Richard Lehman’s journal review—24 July 2017

Richard Lehman reviews the latest research in the top medical journals

richard_lehmanNEJM  20 July 2017  Vol 377
Idarucizumab
According to the Wikipedia article on the nomenclature of monoclonal antibodies, their names are supposed to give you a clue about the system they work on, as well as how they are manufactured. The clue for idarucizumab lies in the “ci,” which stands for circulation. That’s as close as it gets. It might be a mab that makes your toes warmer at night, or lowers your blood pressure, but in fact it’s the mab that reverses the anticoagulant effect of dabigatran. In two clinical trials it did just that, given at a dose of 5g. To give us a chance of remembering what it does, it should be renamed dabigatranumab. Boehringer Ingelheim ran the trials; and since they make a fortune out of selling dabigatran, I expect they’ll make this antidote available free of charge.

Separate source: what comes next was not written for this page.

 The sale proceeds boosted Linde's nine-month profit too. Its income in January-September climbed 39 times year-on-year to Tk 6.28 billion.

JAMA  18 July 2017  Vol 318
Vitamin D doses and URTI in kids
It’s become fashionable to scoff at the alleged non-skeletal benefits of vitamin D. Here’s a trial that compared doses of 400 IU or 2000 IU of oral vitamin D to see if the higher dose would reduce the incidence of upper respiratory tract infections in preschool children during the winter months in Canada. Scoffers, rejoice: the high dose made no difference.

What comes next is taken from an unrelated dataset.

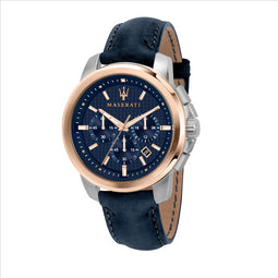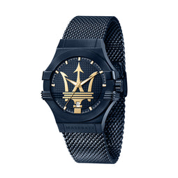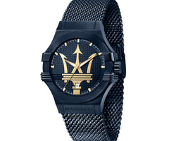 Maserati SFIDA Mens Chronograph Watch With 44mm Blue Dial And Yellow Gold Plated Bracelet

Weight gain before 55 and healthy ageing in health professionals
Healthy ageing is not something that doctors know a lot about, as we generally only look after the unhealthy. In an analysis of follow-up data from those two familiar American cohorts, the Nurses’ Health Study (female only, begun in 1976) and the Health Professionals’ Study (all male, begun in 1986), healthy ageing is defined as being free of 11 chronic diseases and major cognitive or physical impairment. My guess is that most nurses and health professionals gain a bit of weight between the ages of about 20 and 55. And such people fare much the same as those who manage to stay the same weight. “Among those who gained a moderate amount of weight, 3651 women (24%) and 2405 men (37%) achieved the composite healthy aging outcome. Among those who maintained a stable weight, 1528 women (27%) and 989 men (39%) achieved the composite healthy aging outcome.” Oh but you must not be so complacent, says the last of the Key Points: “Among women and men, moderate weight gain from early to middle adulthood was associated with significantly increased risk of major chronic diseases and mortality.” Significant? A 2-3% associational risk difference for an individual?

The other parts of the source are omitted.